- Assignment
Pictures stay out of the copy. Retype exactly the lines below from the one with "Autografo di Enzo" through the one with "구는 이번 설 명절부터".

- Excerpted data
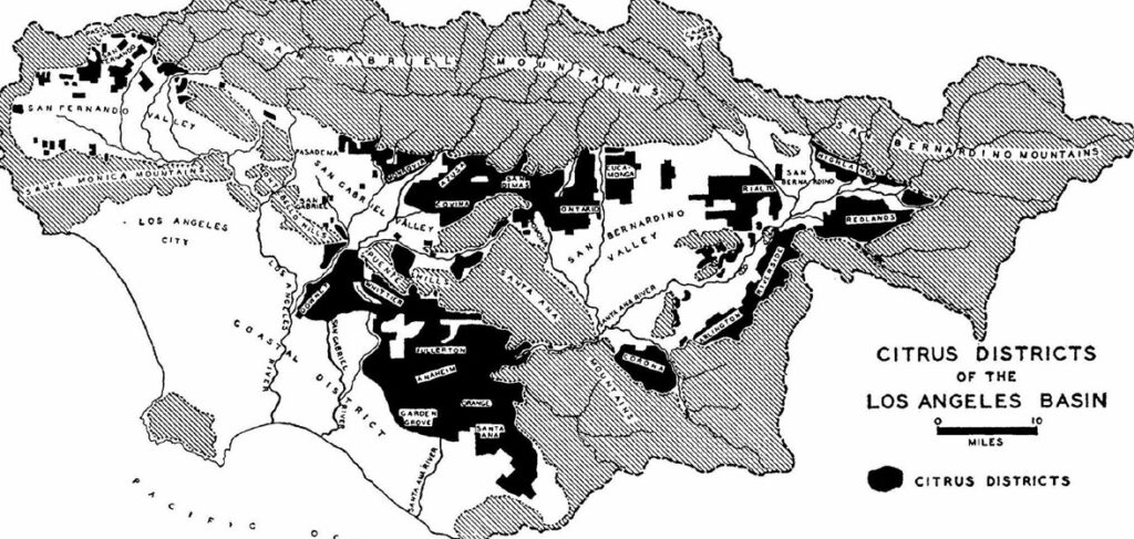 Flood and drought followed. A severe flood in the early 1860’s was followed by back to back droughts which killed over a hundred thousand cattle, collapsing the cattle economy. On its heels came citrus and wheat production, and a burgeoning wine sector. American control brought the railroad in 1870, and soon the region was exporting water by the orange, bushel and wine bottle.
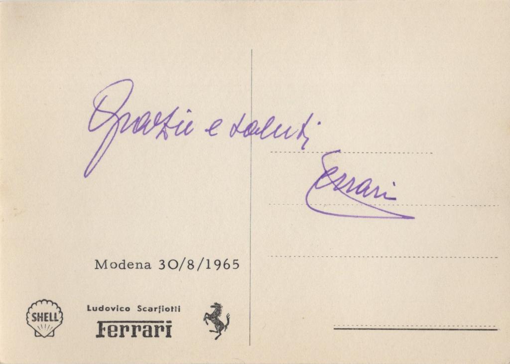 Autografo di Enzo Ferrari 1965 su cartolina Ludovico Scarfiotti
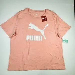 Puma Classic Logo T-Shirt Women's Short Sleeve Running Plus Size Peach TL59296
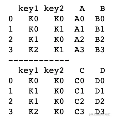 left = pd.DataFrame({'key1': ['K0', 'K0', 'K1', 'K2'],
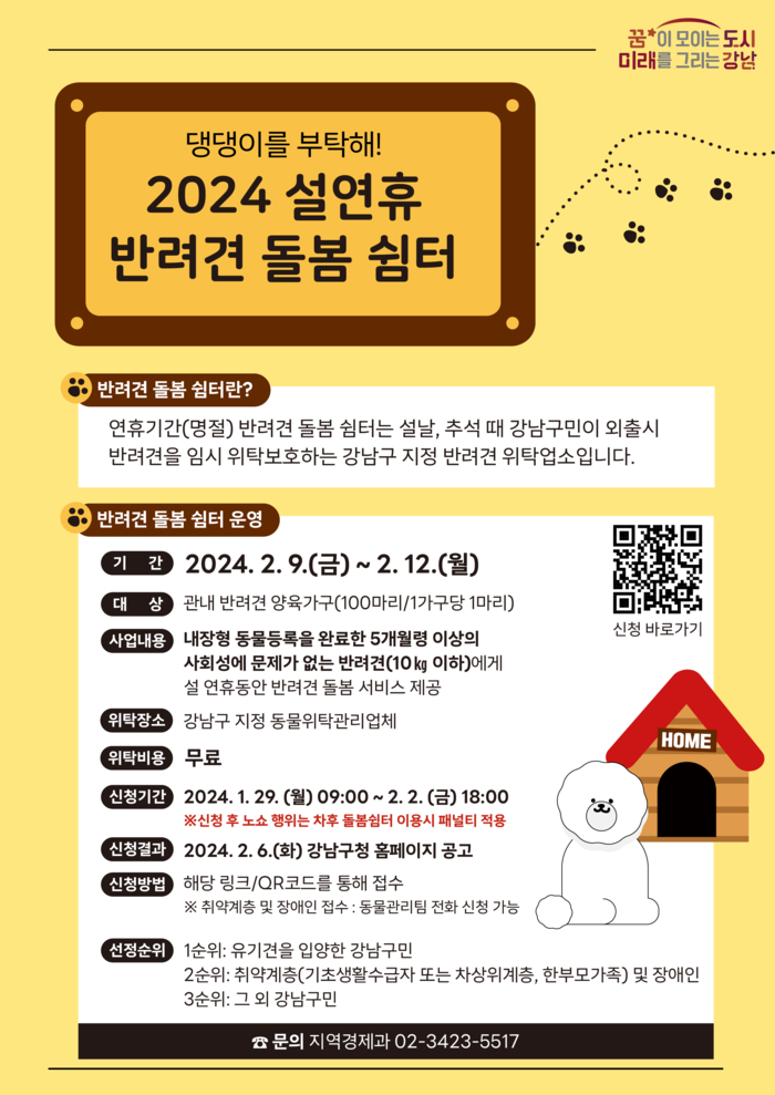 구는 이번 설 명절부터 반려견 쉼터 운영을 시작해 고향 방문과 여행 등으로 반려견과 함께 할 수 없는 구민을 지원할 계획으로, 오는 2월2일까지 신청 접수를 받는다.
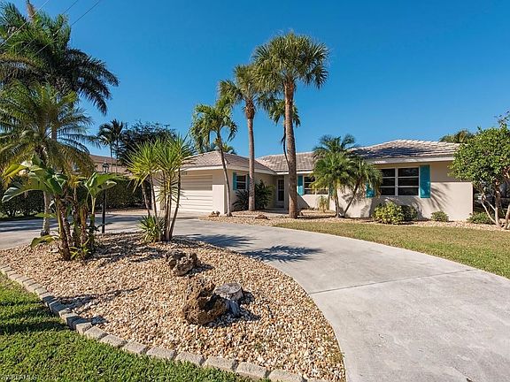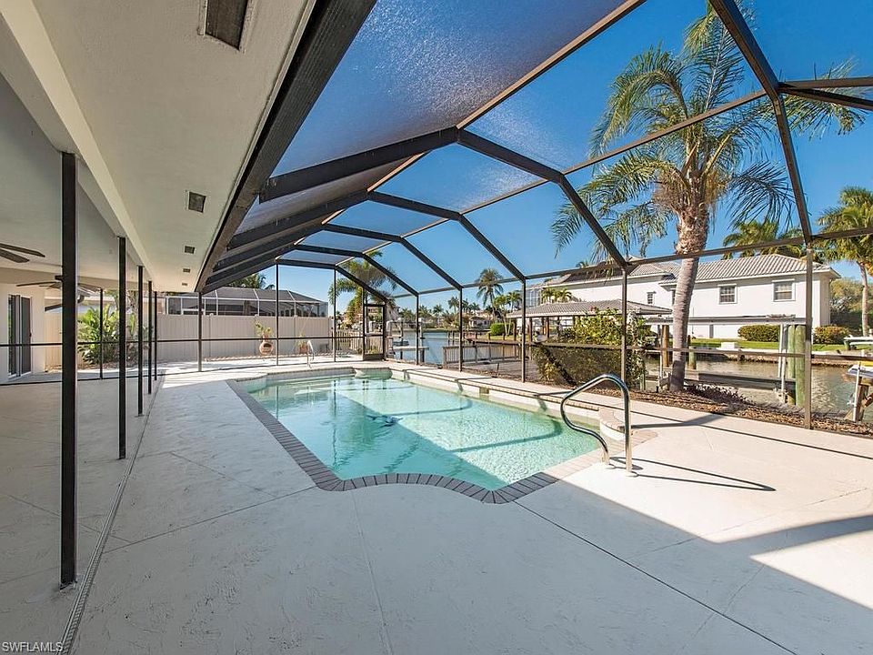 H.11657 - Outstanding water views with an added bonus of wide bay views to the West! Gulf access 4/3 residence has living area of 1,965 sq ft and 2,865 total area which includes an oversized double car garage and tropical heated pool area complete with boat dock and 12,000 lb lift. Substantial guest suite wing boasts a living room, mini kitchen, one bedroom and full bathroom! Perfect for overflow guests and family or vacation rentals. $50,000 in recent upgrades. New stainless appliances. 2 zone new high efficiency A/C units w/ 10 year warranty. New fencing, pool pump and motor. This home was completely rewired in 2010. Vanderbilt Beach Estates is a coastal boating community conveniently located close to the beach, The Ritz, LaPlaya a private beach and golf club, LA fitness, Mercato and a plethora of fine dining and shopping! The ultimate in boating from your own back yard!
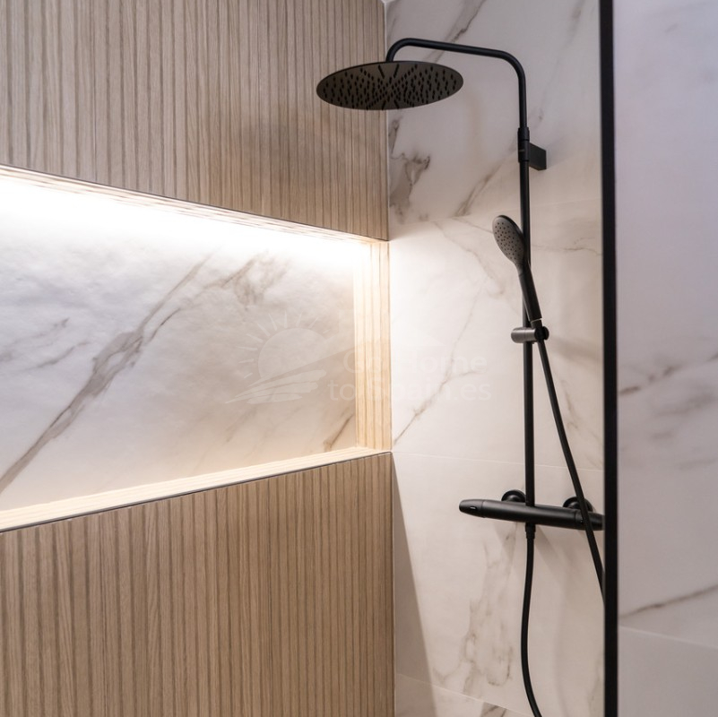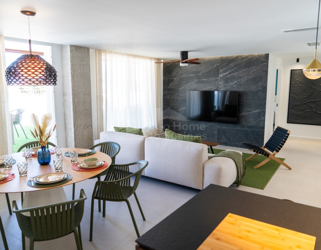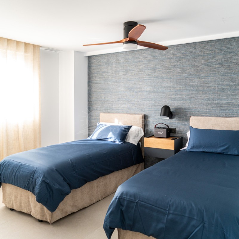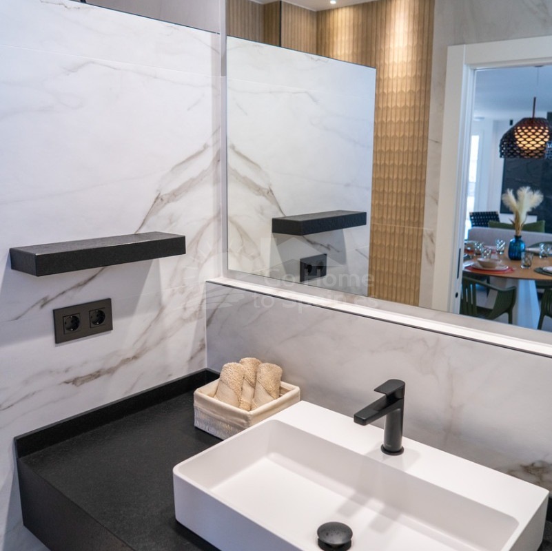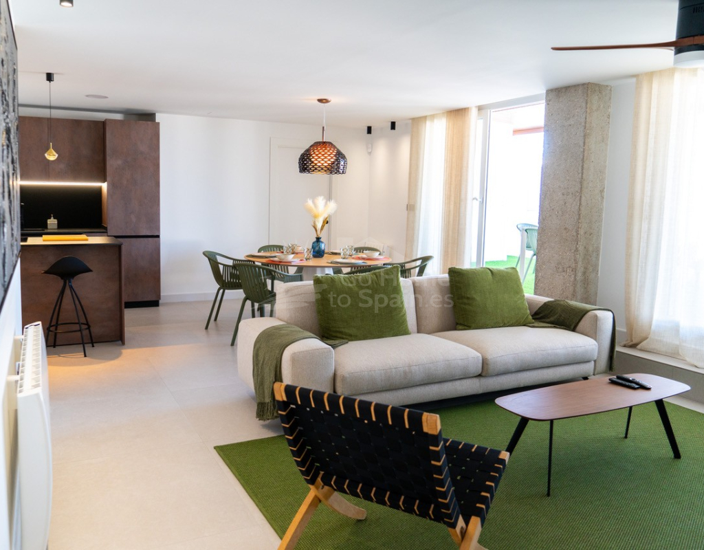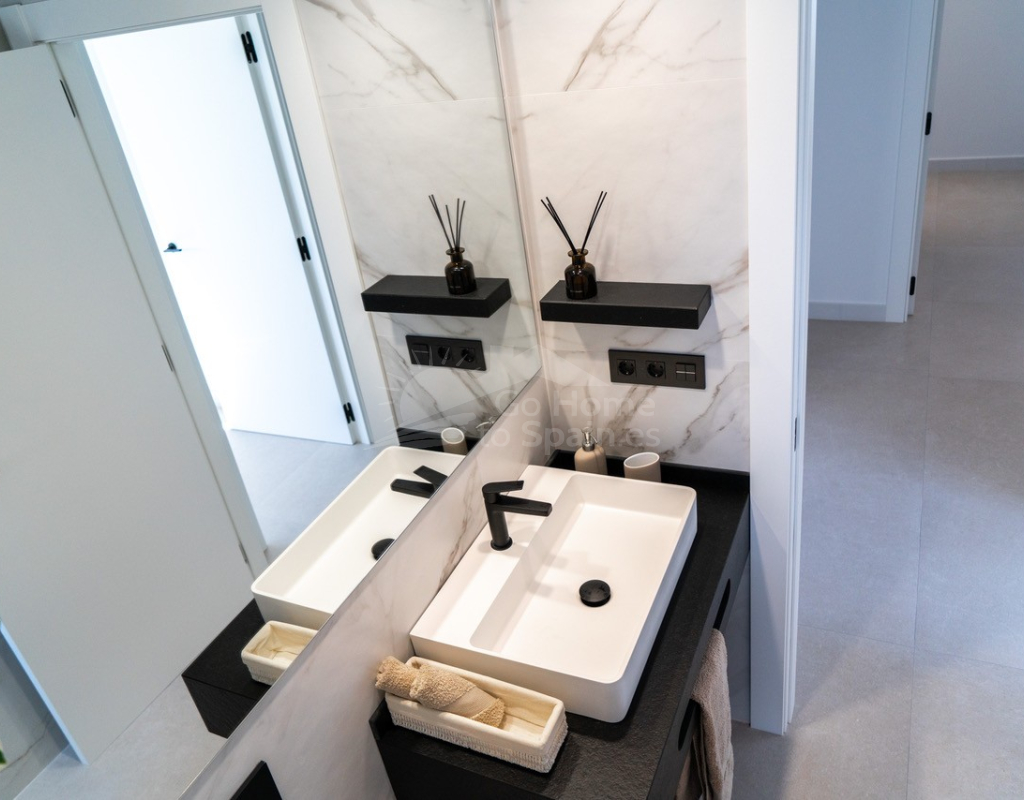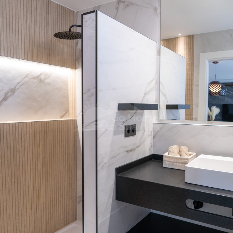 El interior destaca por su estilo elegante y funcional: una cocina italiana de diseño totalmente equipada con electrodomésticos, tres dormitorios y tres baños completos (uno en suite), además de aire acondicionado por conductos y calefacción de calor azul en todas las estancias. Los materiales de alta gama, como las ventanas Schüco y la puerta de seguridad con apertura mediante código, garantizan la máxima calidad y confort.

- Exercise result
 Autografo di Enzo Ferrari 1965 su cartolina Ludovico Scarfiotti
 Puma Classic Logo T-Shirt Women's Short Sleeve Running Plus Size Peach TL59296
 left = pd.DataFrame({'key1': ['K0', 'K0', 'K1', 'K2'],
 구는 이번 설 명절부터 반려견 쉼터 운영을 시작해 고향 방문과 여행 등으로 반려견과 함께 할 수 없는 구민을 지원할 계획으로, 오는 2월2일까지 신청 접수를 받는다.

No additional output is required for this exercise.